3Ts
Elite Member
I have moved my wife's and my teacher daughter's 401K money into Fidelity Contra (50% of investment in each) which made 32.25% last year and Fidelity Growth Company which made 36.76% for the past twelve months. Both of those funds have averaged 12% earnings SINCE 1986 INCLUDING SEVERAL DOWNTURNS. That is over thirty years thru several severe downturns.
This is the key! Time and Dollar cost averaging. I have funds that have lost money 3 out of 10 years, including some significant losses, however, over those 10 years the average growth rate is 14% per year. You won't get that from any bank I've heard of.

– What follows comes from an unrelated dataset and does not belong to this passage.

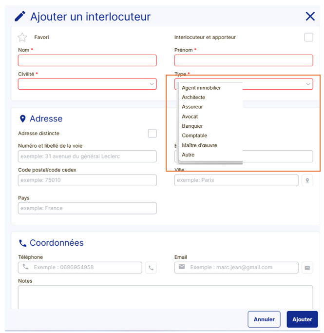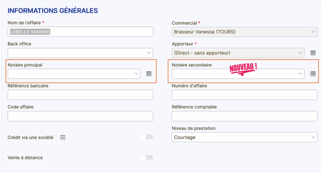NOUVEAU, vous pouvez désormais saisir les coordonnées d’un 2ème notaire. Il est également possible de renseigner les coordonnées de tout autre interlocuteur (Architecte, maître d’œuvre, agent immobilier).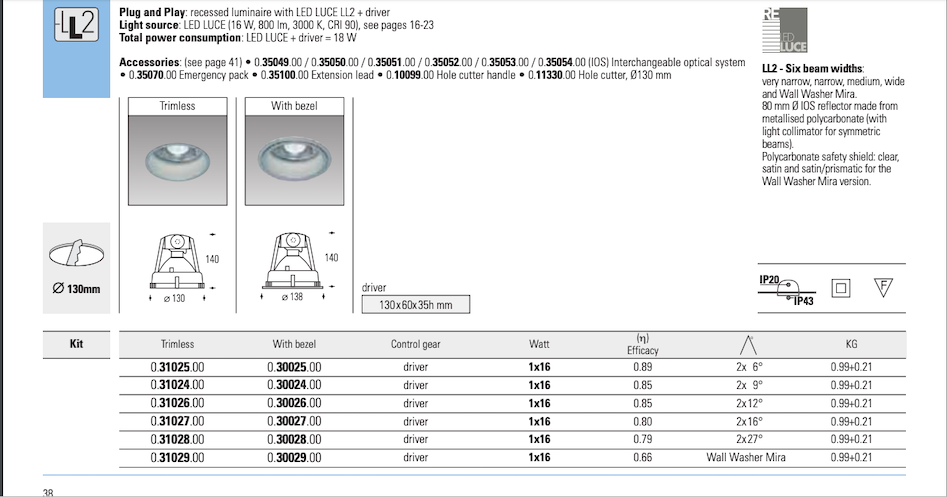 Reggiani Kit Unisio Led Incasso Bianco 16W 2x16° D130 Art.30027 Flangia Visibile

I have tried to tell people on here and in person, DON'T give your money to a local yokel investor. They will take your money and put it in mutual funds and take a cut for themselves for "managing" your money. That money is your future and your retirement. Learn a little and take care of it yourself.
This is so important! There is NOBODY more interested in your success than you. I've had several Financial Advisors, they all have done well and are prosperous - for themselves. Each of them have turned more money into less money. Once I figured that out, I did my investing for myself, and have done significantly better than any of them.
Ultra aggressive funds that earn 25% a year can also lose 25% a year.
Yes, but the general trend is up and mutual funds (instead of stock) reduce the risk.
But one rule you must remember. If you don't have the cash to pay for a purchase, don't use a credit card as a short term loan. Pay it off each month. Or that purchase you got 5% back on will loose you 3% a month at the least. On some cards if you carry the balance for that purchase one month you will lose what you saved plus some more in fees and interest.
DO NOT CARRY DEBT ON A CREDIT CARD.
I know people who carry tens of thousands in credit card debt, at 20% and they have thousands of dollars in interest payments every year and are looking to make a few extra dollars by "investing" in CDs at the bank at about 2%. I've not been able to get them to understand what they are doing wrong. They absolutely will not reduce their CC debt because they need it to "keep their credit score up". (Which is only in the 600s) They are the ones subsidizing those of us who get the 5% back on transactions. - They also look at the 5% "cash back" as being better than the 2% they'd get with the Certificate of Deposit, so they go out and buy more. It's an endless spiral - for them and they do not realize it.All the credit card incentives of 2% cash back, etc really only work if many people carry a large balance and pay interest, even though they are charging the merchants about 4% on every transaction for the convenience. The few that don't can take advantage of the system.